最強の魔王が異世界に転移したので冒険者ギルドに所属してみました。
第449話 シスの潜在する力
ソフィの『レパート』の『理』を用いた練習は一旦休憩を挟む事となった。
シスはお茶を入れてくると言い残して部屋を出た。執務室の横に備える自室の間の給湯室で全員分のお茶を淹れながら、先程のソフィの魔法を思い出す。
実際休憩と聞いてお茶を淹れに行こうとしたのは本心だが、シスはあのままあの部屋に残る事が出来なかったもう一つの理由があった。
――それはソフィの魔力を直に見た事により、シスの潜在する『力』が感化されてしまいシスは居てもたっても居られなくなってしまったのである。
こういった事が起きた時のために、ユファに教わっていた事がある。
それはレパートの『理』を用いて、使う魔法を頭に思い浮かべてその魔力を少しずつ使わず、一気に魔力回路から自分の周囲の空気に魔力を混ぜ合わせて、強制的に『魔力』を浪費させるのである。
魔法を使う意思や詠唱さえしなければ『魔法』にはならないため、周囲に影響を及ぼす事がなく、シスは魔力消費による疲労で冷静に戻る事が出来るのである。

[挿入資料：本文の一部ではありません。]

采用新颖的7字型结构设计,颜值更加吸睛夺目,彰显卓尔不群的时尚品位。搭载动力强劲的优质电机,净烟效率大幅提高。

あまりいい方法とはいえないが、こうでもしなければシスは落ち着きを取り戻せないと『ユファ』は看破して幼い時分からシスにこのやり方を教えていた。
この感情の昂りを放っておけば、シスは変貌して潜在的な力のようなモノに心を圧し潰されて気絶をしたり、暴走ぶりを見せたりする事があったのである。
「早く冷静にならないと……」
シスはソフィの魔力の影響を受けつつある自分を抑えようと、魔力回路に膨大に有する自身の魔力を一気に供給して、頭に魔法を思い浮かべようとする。
――ガララ。
しかしそこで唐突に給湯室のドアが開き、レアが入ってきた。
「……驚いたわねぇ。部屋を出て行く時の貴方の血走った目が気になって後を追ってみれば、何をそんなに魔力を高めているのぉ? 眠っていた『憎悪』が目を覚ましたかしらぁ?」
レアはどういうつもりかは知らないが、シスが魔王の資質に目覚めた時の事を口に出しながら煽るように告げる。
「『魔王』レア? 今は出て行ってちょうだい。邪魔をしないで」
普段であれば冷静にレアを追い返す事が出来るシスだったが、今この時においてはそれが出来ない。

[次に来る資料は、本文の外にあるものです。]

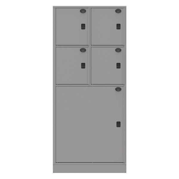 Law Enforcement Evidence Locker, Number of Compartments 5, Material of Construction Steel, Pass-Through, Overall Width 36 in, Overall Depth 24 in, Overall Height 6 5/6 ft, Finish Powder Coated, Color Gray, Lock Type Keyless Lift Latch, Assembled

「そんな苦しそうな表情をしている貴方を見捨ててはおけないわねぇ?」
そう言ってどういうつもりか、レアはシスに近づこうとする。
「近づかないでって言っているのよ!!」
シスの目が金色に変わり、寄ってくるレアに向けて敵意を剥き出しにしながら睨みつける。
「!!」
瞬間――。
レアもまた目を金色に変えて『シス』の目を見る。
バチバチと音を周囲に立てながら、お互いの魔瞳『金色の目』が拮抗して、やがて効力が消えた。

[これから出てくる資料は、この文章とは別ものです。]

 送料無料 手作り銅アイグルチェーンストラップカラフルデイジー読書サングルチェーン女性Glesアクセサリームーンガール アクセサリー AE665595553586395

「貴方の潜在的な力って、一体どれくらい大きいのかしらねぇ? 貴方がこの世界の魔族にユファの『代替身体』を壊された時、その力の一端を見て私は『憎悪』の魔王ちゃんって名付けたけど、ソフィ様と戦った時やキーリちゃんと戦った時は、どちらかといえば場に満ちる魔力に興奮していたように思えたわねぇ? 私はどんな形にしろ、貴方の本当の力っていうのを知っておきたいのよねぇ?」
「そんなの私にも分からないわよ! いいから出て行って。私はそんなのなくたって構わないの」
レアには付き合いきれないとばかりに、必死に自分の自我を保とうと必死になる。
「あらぁ……? 私は貴方に言ったわよねぇ? 償いをするって」
そう言うとレアは再び『金色の目』をシスに放つのだった。
シスもまたレアの行動が読めず自衛のために『金色の目』で相殺しようとする。
「貴方の言う償いって、街の復興をしてくれるということではなかったの!?」
先程と同じように拮抗する『金色の目』にレアは舌打ちをしながら、自身の周囲に金色のオーラを纏い始める。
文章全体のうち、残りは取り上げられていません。